--- Requirement ---
Could the listing below be reproduced exactly, minus its pictures?

--- Input data ---
--- START ---

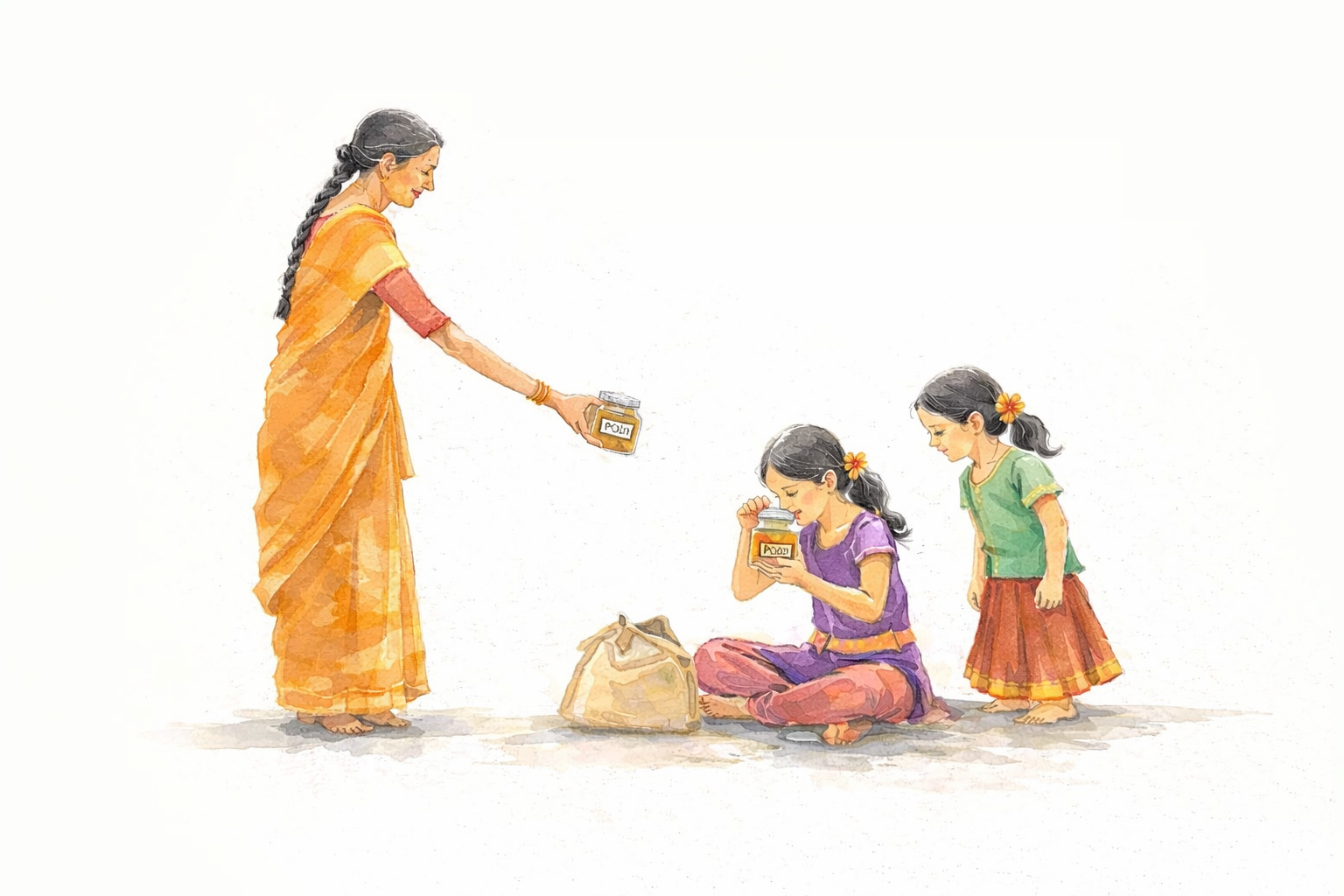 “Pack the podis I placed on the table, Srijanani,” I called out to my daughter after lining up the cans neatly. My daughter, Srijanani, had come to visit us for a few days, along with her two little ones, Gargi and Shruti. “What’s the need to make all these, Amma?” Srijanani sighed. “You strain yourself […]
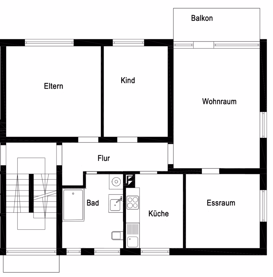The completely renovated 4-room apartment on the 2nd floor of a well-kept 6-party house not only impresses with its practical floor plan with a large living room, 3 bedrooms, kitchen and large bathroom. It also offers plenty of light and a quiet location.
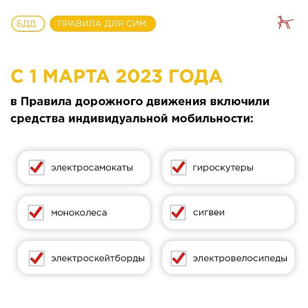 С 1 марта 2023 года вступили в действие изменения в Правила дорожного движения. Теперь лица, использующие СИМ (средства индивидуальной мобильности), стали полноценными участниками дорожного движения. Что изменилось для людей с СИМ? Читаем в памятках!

--- END ---

--- Task response ---
 “Pack the podis I placed on the table, Srijanani,” I called out to my daughter after lining up the cans neatly. My daughter, Srijanani, had come to visit us for a few days, along with her two little ones, Gargi and Shruti. “What’s the need to make all these, Amma?” Srijanani sighed. “You strain yourself […]
The completely renovated 4-room apartment on the 2nd floor of a well-kept 6-party house not only impresses with its practical floor plan with a large living room, 3 bedrooms, kitchen and large bathroom. It also offers plenty of light and a quiet location.
 С 1 марта 2023 года вступили в действие изменения в Правила дорожного движения. Теперь лица, использующие СИМ (средства индивидуальной мобильности), стали полноценными участниками дорожного движения. Что изменилось для людей с СИМ? Читаем в памятках!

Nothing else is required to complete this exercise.